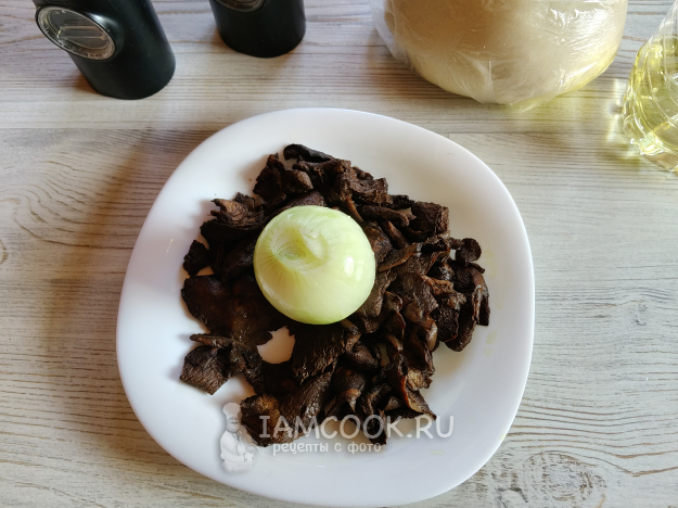 Лесные грибы у меня уже были нарезанные и отваренные.
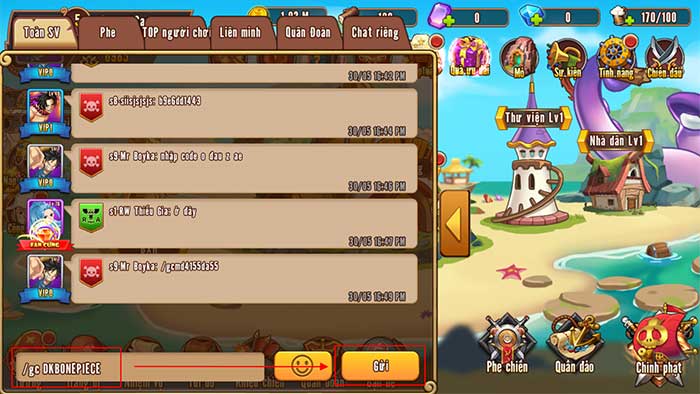 Bước 3: Nhập code theo cú pháp /gc mã giftcode theo danh sách mã được cung cấp phía trên (ví dụ: /gc DKBONEPIECE).
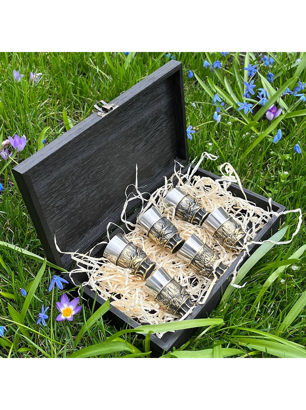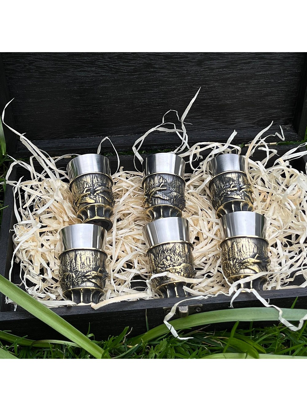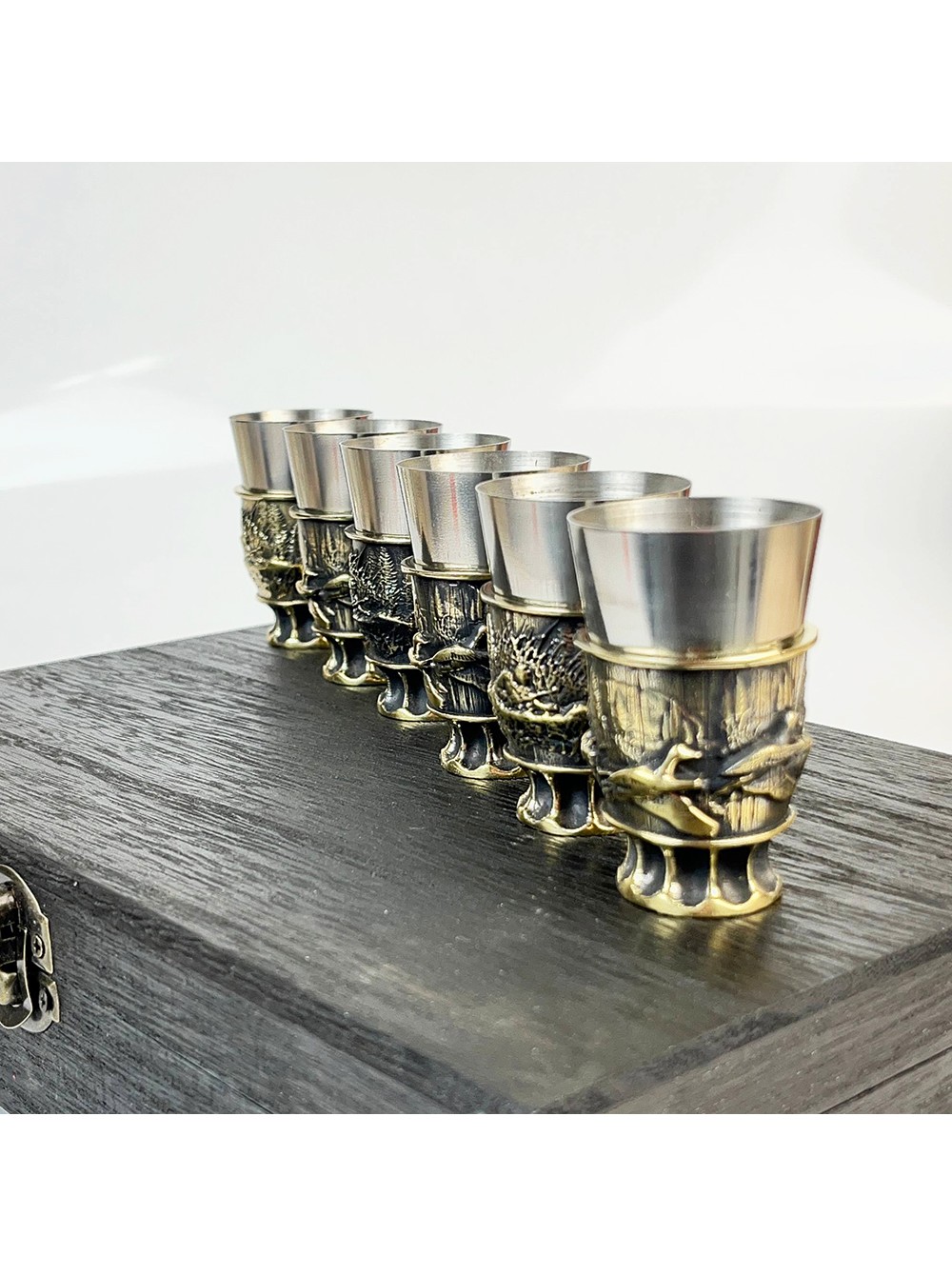 Чарки авторські "Полювання", 6 шт, латунь
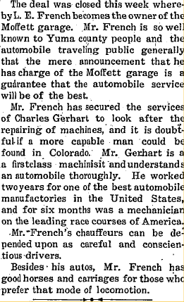 Also in 1913, the Yuma city water fund paid C.M Gerhard $5.60 labor.
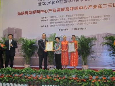 北京2012年12月20日電 /美通社/ -- 2012年12月13日,由中國國際航空公司主辦,ICMI國際客戶管理學(xué)院(中國區(qū))承辦的“國航呼叫中心高峰論壇暨CCCS客戶聯(lián)絡(luò)中心標(biāo)準(zhǔn)啟動(dòng)儀式”在北京豐榮君華酒店成功舉辦。中國國際航空公司商務(wù)委員會(huì)銷售部副總經(jīng)理黃峰女士,中國國際航空公司電話銷售服務(wù)中心高級(jí)經(jīng)理王延紅女士、中國國際航空公司電話銷售服務(wù)中心成都中心高級(jí)經(jīng)理尹紅女士,電話銷售服務(wù)中心上海中心項(xiàng)目經(jīng)理馬海英女士以及來自國航電話銷售服務(wù)中心北京中心、運(yùn)營管理部、市場(chǎng)部、成都中心、上海中心、北美中心、歐洲中心、日韓中心、深航中心、北京聯(lián)通中心、四川信產(chǎn)中心等部門的八十多位領(lǐng)導(dǎo)和同事出席了本次大會(huì)。CCCS 客戶聯(lián)絡(luò)中心標(biāo)準(zhǔn)委員會(huì)主席、ICMI國際客戶管理學(xué)院(中國區(qū))總裁呂克勤先生,招商銀行遠(yuǎn)程銀行總經(jīng)理徐子穎女士也出席了本次大會(huì)。
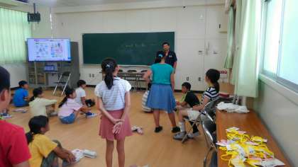 ・夏休みにどこに行ったかを英語で話したり、チャンツやゲームをしたりしました。
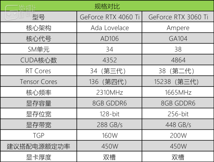 同样清清楚楚的,还有RTX 4060 Ti在规格上的进步,通过下表与RTX 3060 Ti的对比,两代显卡的异同同样一望而知。
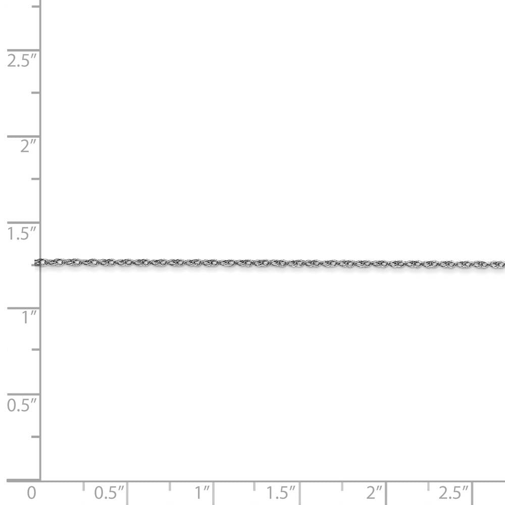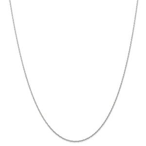 Classic appeal with a modern design, this solid-link cable rope chain created from polished rhodium-plated 10k white gold is finished with a spring-ring clasp and perfect for displaying lightweight charms or pendants. This thin delicate necklace chain is 0.7mm in width by 24-inches in length.
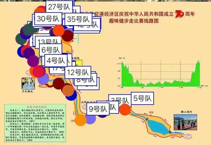 接下来就是比赛环节了,此次比赛赛程总计4.7KM,途中共有4个打卡任务点,分别是:
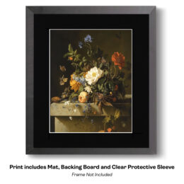 All prints have an acid-free matte with a cardboard backing board and are packaged in a clear protective bag.
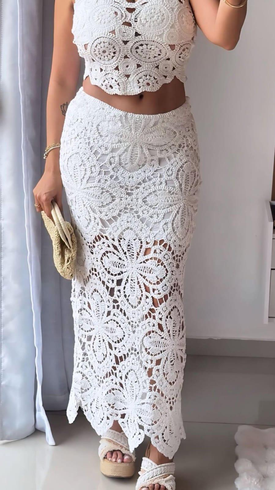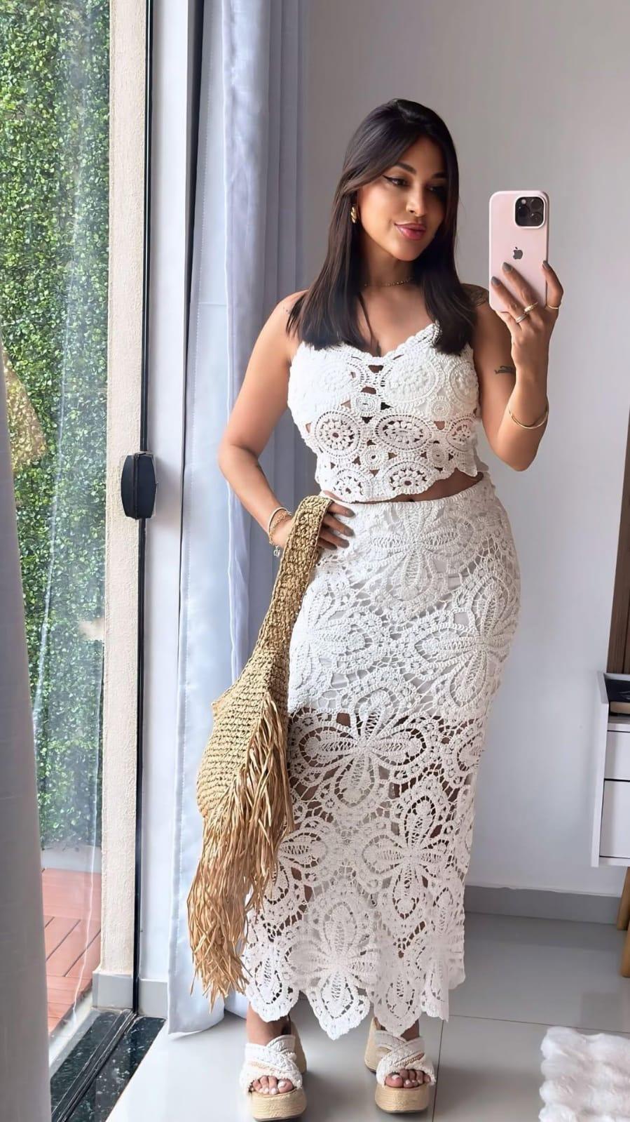 A Saia Midi Encanto em Renda Artesanal é a tradução da elegância leve e feminina. Feita com renda trabalhada em detalhes florais, ela tem caimento impecável e toque delicado, valorizando a silhueta com sofisticação. O modelo midi traz transparência na medida certa e acabamento refinado, perfeito para compor looks elegantes e modernos.
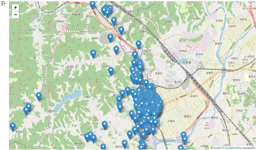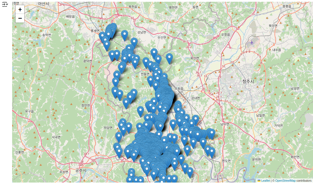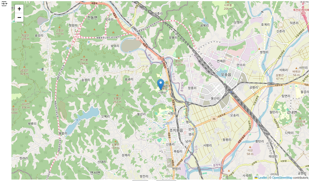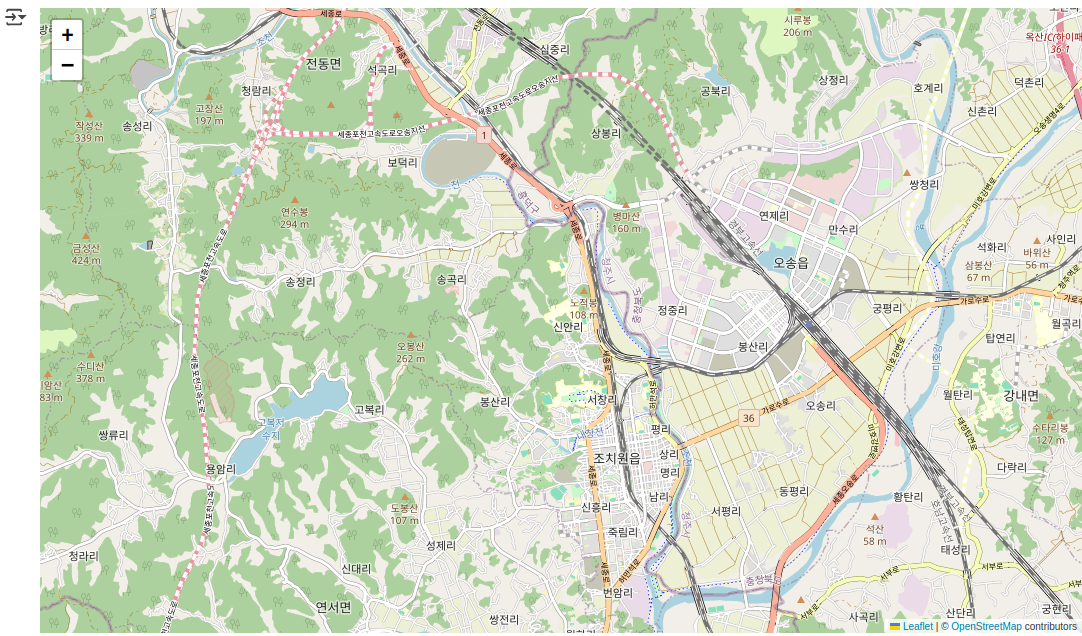 mymap = folium.Map(location=[36.6208541,127.2849716], zoom_start=11) # 위도, 경도, 축척
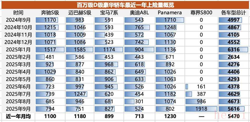 單看尊界S800一款車的數(shù)據(jù),確實(shí)沒什么感覺,我們把9月份其它幾款老牌D級超豪轎車一同拉出來對比,態(tài)勢就很明朗了:
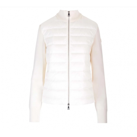 • [몽클레어] 9B00025 M1131 030 로고 패치 니트 다운 믹스 집업 아이보리 여성 자켓

========================================================================

* **WORK TO BE COMPLETED**
Reproduce the data above exactly, but only from the line containing "Classic appeal with" through the line containing "All prints have". Omit all pictures.

* **RESPONSE**
 Classic appeal with a modern design, this solid-link cable rope chain created from polished rhodium-plated 10k white gold is finished with a spring-ring clasp and perfect for displaying lightweight charms or pendants. This thin delicate necklace chain is 0.7mm in width by 24-inches in length.
 接下来就是比赛环节了,此次比赛赛程总计4.7KM,途中共有4个打卡任务点,分别是:
 All prints have an acid-free matte with a cardboard backing board and are packaged in a clear protective bag.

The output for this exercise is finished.